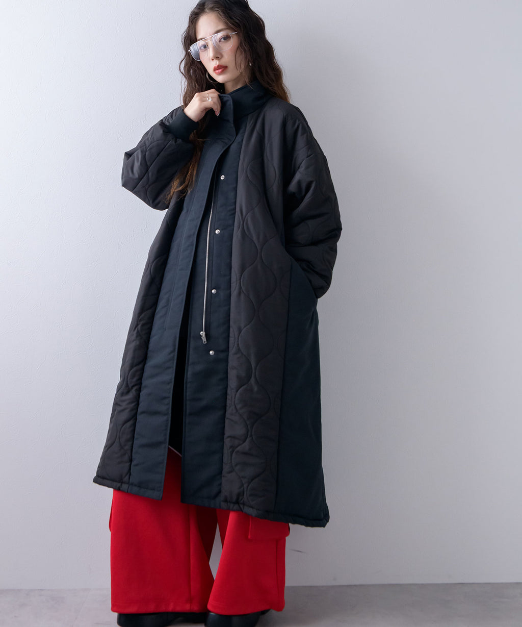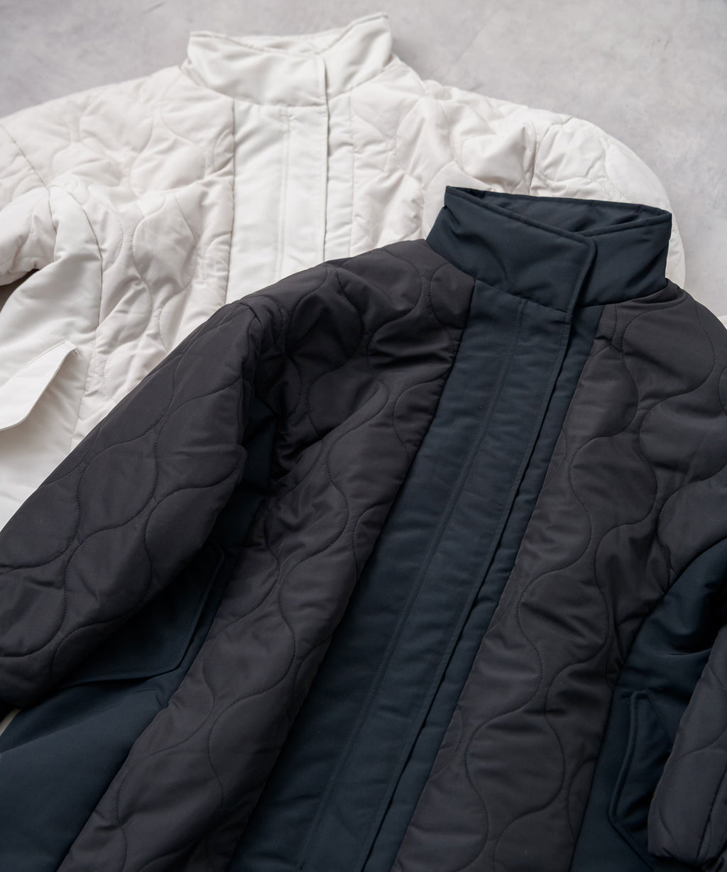 全体キルトではなく切替デザインにすることで、着膨れせずすっきりとした印象に。
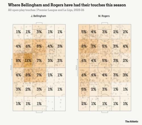 貝林厄姆尚未找回他在2023-24賽季的進攻巔峰狀態(tài)——當時他在28場西甲比賽中打進19球。上賽季他僅有9球入賬,本賽季至今也只有4球,不過這其中存在一些客觀因素。他因肩傷恢復而推遲開啟賽季,同時從下方觸球熱區(qū)圖可以看出,他承擔了比羅杰斯更多的防守任務,在進攻三區(qū)的觸球比例低了11個百分點。
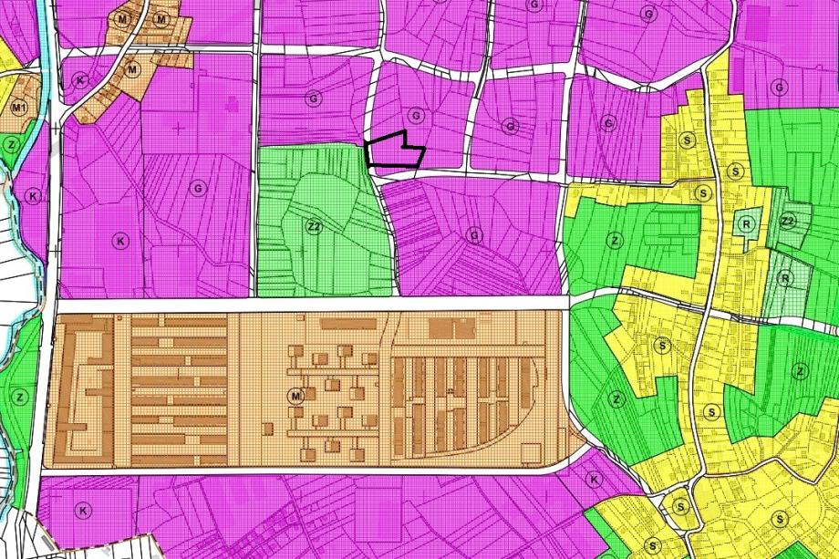 Zapadni dio parcele u površini od 425 m2 rezerviran je za formiranje koridora ceste. Ostatak parcele površine 4.663 m2 nalazi se u dijelu predviđenom za gospodarsku namjenu, u zoni urbanih pravila 3.1. (proizvodne, poslovne, uredske zgrade, ugostiteljske zgrade i hoteli, trgovački prodajni centri, sportsko rekreacijske zgrade, javne i društvene zgrade i benzinske postaje).
········
- [Try it]
A faithful copy of the data above is wanted, with every image left out.

- [Exercise response]
 全体キルトではなく切替デザインにすることで、着膨れせずすっきりとした印象に。
 貝林厄姆尚未找回他在2023-24賽季的進攻巔峰狀態(tài)——當時他在28場西甲比賽中打進19球。上賽季他僅有9球入賬,本賽季至今也只有4球,不過這其中存在一些客觀因素。他因肩傷恢復而推遲開啟賽季,同時從下方觸球熱區(qū)圖可以看出,他承擔了比羅杰斯更多的防守任務,在進攻三區(qū)的觸球比例低了11個百分點。
 Zapadni dio parcele u površini od 425 m2 rezerviran je za formiranje koridora ceste. Ostatak parcele površine 4.663 m2 nalazi se u dijelu predviđenom za gospodarsku namjenu, u zoni urbanih pravila 3.1. (proizvodne, poslovne, uredske zgrade, ugostiteljske zgrade i hoteli, trgovački prodajni centri, sportsko rekreacijske zgrade, javne i društvene zgrade i benzinske postaje).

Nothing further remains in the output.